🤖 AI Summary
Existing first-person videos lack tactile signals, making it challenging to model realistic physical interactions. To address this limitation, this work introduces EgoTouch, a large-scale, multi-view embodied dataset that provides densely annotated bimanual manipulation data with tactile sensing for the first time. The authors propose TouchAnything, a vision-to-tactile prediction framework capable of estimating continuous pressure distributions at hand-object contact points using only visual inputs. The system integrates RGB video from head-mounted and dual wrist-mounted cameras, 3D hand poses, and wearable tactile sensors, enabling high-fidelity tactile reconstruction through multi-view fusion. Experiments demonstrate that incorporating wrist-mounted views improves contact IoU by 5.0% and volume IoU by 6.1%, significantly outperforming single-view approaches.
📝 Abstract
Egocentric human video data, which captures rich human-environment interactions and can be collected at scale, has become a key driver of embodied intelligence research. However, existing egocentric datasets typically lack tactile sensing, a critical modality that provides direct cues about contact, force, and pressure in human-object interaction. Without such signals, models struggle to learn physically grounded representations of real-world interaction dynamics. While tactile sensors provide these cues, deploying high-quality tactile hardware at scale remains expensive and cumbersome. This raises a central question: can tactile feedback be inferred directly from visual observations, enabling scalable tactile supervision for egocentric video data and supporting physically grounded embodied learning?
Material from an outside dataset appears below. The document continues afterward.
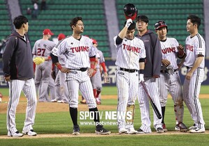[스포티비뉴스=서울, 곽혜미 기자] 2019 신한은행 MY CAR KBO리그 LG 트윈스와 SK 와이번스의 경기가 22일 오후 서울 잠실야구장에서 열렸다. 0-2로 패배한 LG 선수들이 아쉬워하고 있다. 스포티비뉴스=잠실, 곽혜미 기자
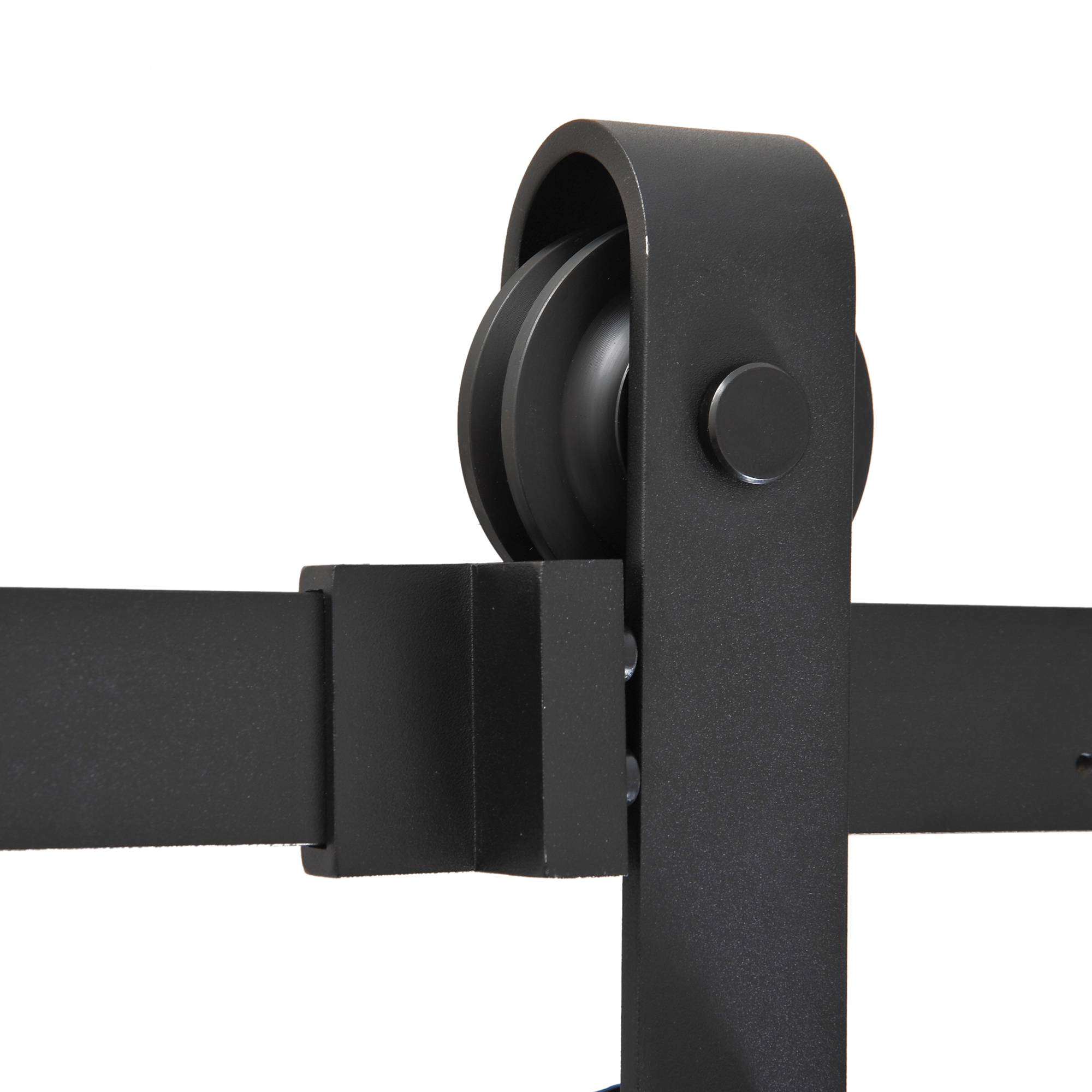 Verleihen Sie einer Tür in Ihrem Heim mit diesem großartigen rustikalen Schiebetürbeschlag-Kit von HOMCOM einen einzigartigen Charakter, Tauschen Sie herkömmliche Türen gegen eine stilvolle, praktische Tür aus und verwandeln Sie so den Look eines ganzen Raumes, Das Schiebetürsystem lässt sich von Schlafzimmern über Wohnzimmer und weiteren Räumen installieren, Gefertigt aus robustem Kohlenstoffstahl, hält es hohem Gewicht stand, Montage an Holz- oder Betonwänden möglich, Tür nicht inklusive,

To enable research in this direction, we introduce EgoTouch, a large-scale multi-view egocentric dataset with dense tactile supervision for bimanual hand-object interaction. EgoTouch comprises 208 manipulation tasks spanning 1,891 episodes in diverse indoor and outdoor environments, with synchronized multi-view RGB (head-mounted egocentric and dual wrist-mounted cameras), bimanual 3D hand pose, and continuous pressure maps from wearable tactile sensors. Building on EgoTouch, we introduce TouchAnything, a baseline multi-view vision-to-touch prediction framework that uses the egocentric view as the primary input and flexibly leverages available wrist-mounted views at inference time. Experiments show that incorporating wrist-mounted views generally improves tactile prediction over egocentric-only input, achieving up to 5.0% relative improvement in Contact IoU and 6.1% relative improvement in Volumetric IoU. We will publicly release the dataset, code, and benchmark.